Work Text:
- ...отставка ничего не значит, - устало повторяет Е Цю. - Это его слова. Он вернется, когда завяжет с игрой окончательно.
- Но это же... - мать замолкает.
Конечно, конечно. Никто из них не интересуется играми, поэтому никому и не составило труда подсчитать - год отставки закончится в декабре, половина сезона этого ненормального не удовлетворит, значит, надо прибавить еще один... Раньше, чем через два с лишним года, драгоценнейшего наследника дома можно не ждать.
И то только в том случае, если брат не решит надышаться своей мечтой напоследок еще годик, а потом еще один, и еще...
А сидеть сейчас здесь и оправдываться за него должен Е Цю.
И как, спрашивается, не злиться на этот позор семьи?
Особенно когда мама так потерянно переглядывается с помрачневшим отцом.
- Хорошо, - повторяет беспомощно. - Хорошо... Какой он сейчас?
Тощий. Бледный. Руки в карманах, ноги волочит, голову не поднимает. Только кругов под глазами и трясущихся рук не хватает, чтобы за наркомана принять.
Ладно, насчет рук перебор. Яблоко у них с хозяйкой только так по кафе летало.
Ну и...
Хорошо, насчет остального перебор тоже.
- Немного худее меня, - честно отвечает Е Цю. - Сутулится, правда, не знаю, как сильно на самом деле - отсутствие манер он, похоже, при мне преувеличивал специально.
Мама тихо вздыхает. Старший сын и манеры были больной для всех темой с самого детства.
- Держится просто, одевается тоже. И подстричься ему недели три назад стоило.
Почему он вообще об этом сказал? Хотя челка, конечно...
Только чудом не лезла в глаза - как только играть не мешает? - и путалась в пальцах Е Цю, когда он убирал ее со лба брата, сам не зная, хочет ли разбудить его прямо сейчас или боится, что тот вправду проснется.
И вновь упала так же небрежно, будто ее годами не укладывали нормально, стоило поднять Е Сю на руки.
И он не только выглядел, он действительно легче Е Цю, и, похоже, в последние годы качал исключительно персонажей.
Но как же стало вдруг больно, когда он, не просыпаясь, привычным, домашним движением уютно полувытянулся-полусвернулся в одеяльном гнезде, как только Е Цю устроил его на кровати в этой жуткой темной кладовке - это и правда была его постель, его комната, босс Чэнь не шутила сама и не подыгрывала этому разводиле...

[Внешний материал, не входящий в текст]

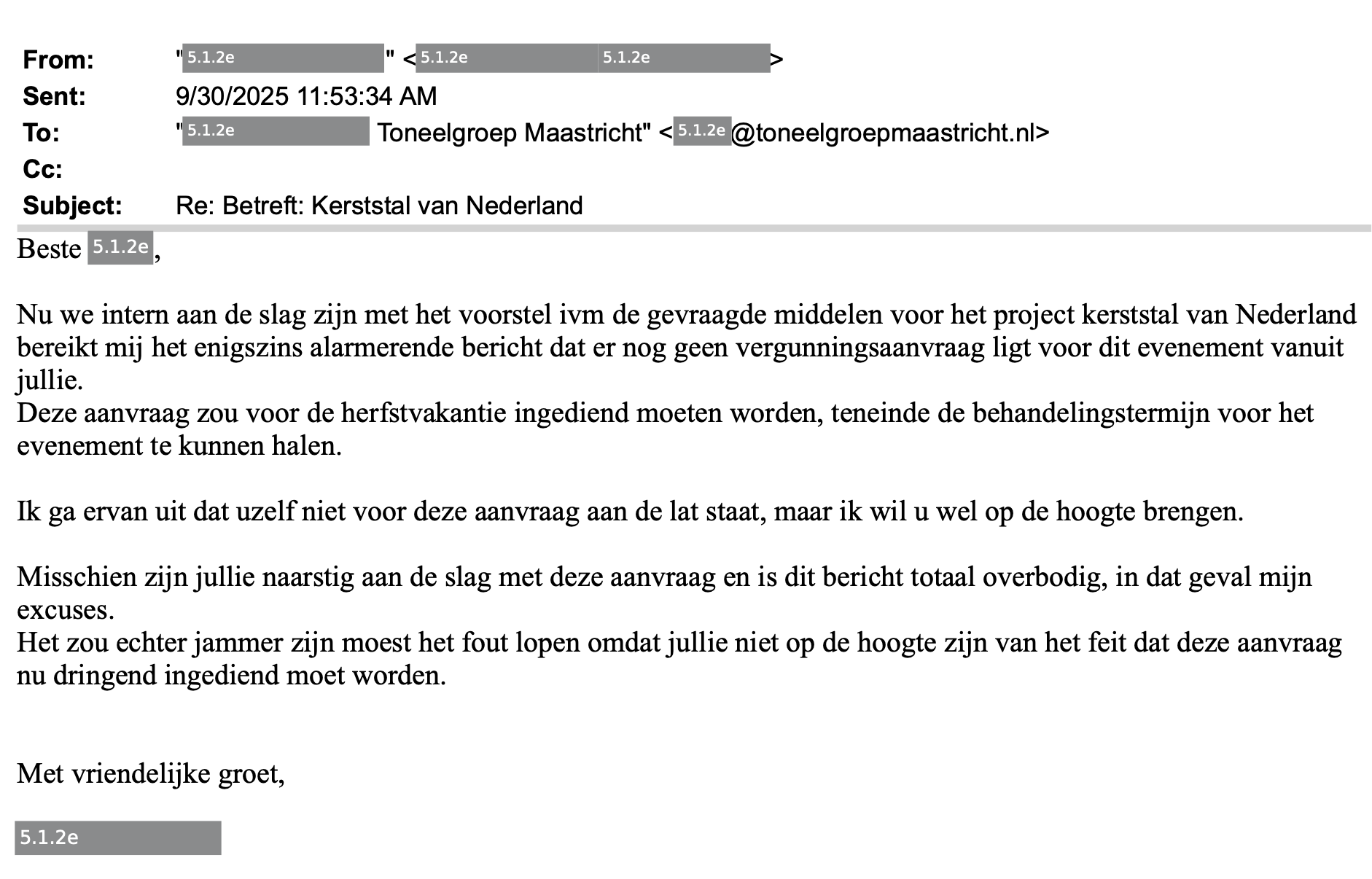 Terwijl de ambtenaren nadenken hoe de subsidie te verantwoorden, ligt er eind september overigens nog steeds geen aanvraag van de Toneelgroep Maastricht. Een ambtenaar: "Nu we intern aan de slag zijn met het voorstel ivm de gevraagde middelen voor het project kerststal van Nederland bereikt mij het enigszins alarmerende bericht dat er nog geen vergunningsaanvraag ligt voor dit evenement vanuit jullie."

Как можно там жить?! Так блаженствовать - а с лица брата мгновенно исчезло то несчастное, сдержанно-измученное выражение, при виде которого Е Цю и взялся его перекладывать - на такой койке?
На диване Е Сю точно не было настолько же хорошо.
...ох. Диван!
- Едва не забыл, - Е Цю достает телефон, быстро пролистывает альбом камеры, отдает матери. - Сфотографировал, пока он спал.
И это была очень плохая идея, понимает он, глядя, как меняется ее лицо.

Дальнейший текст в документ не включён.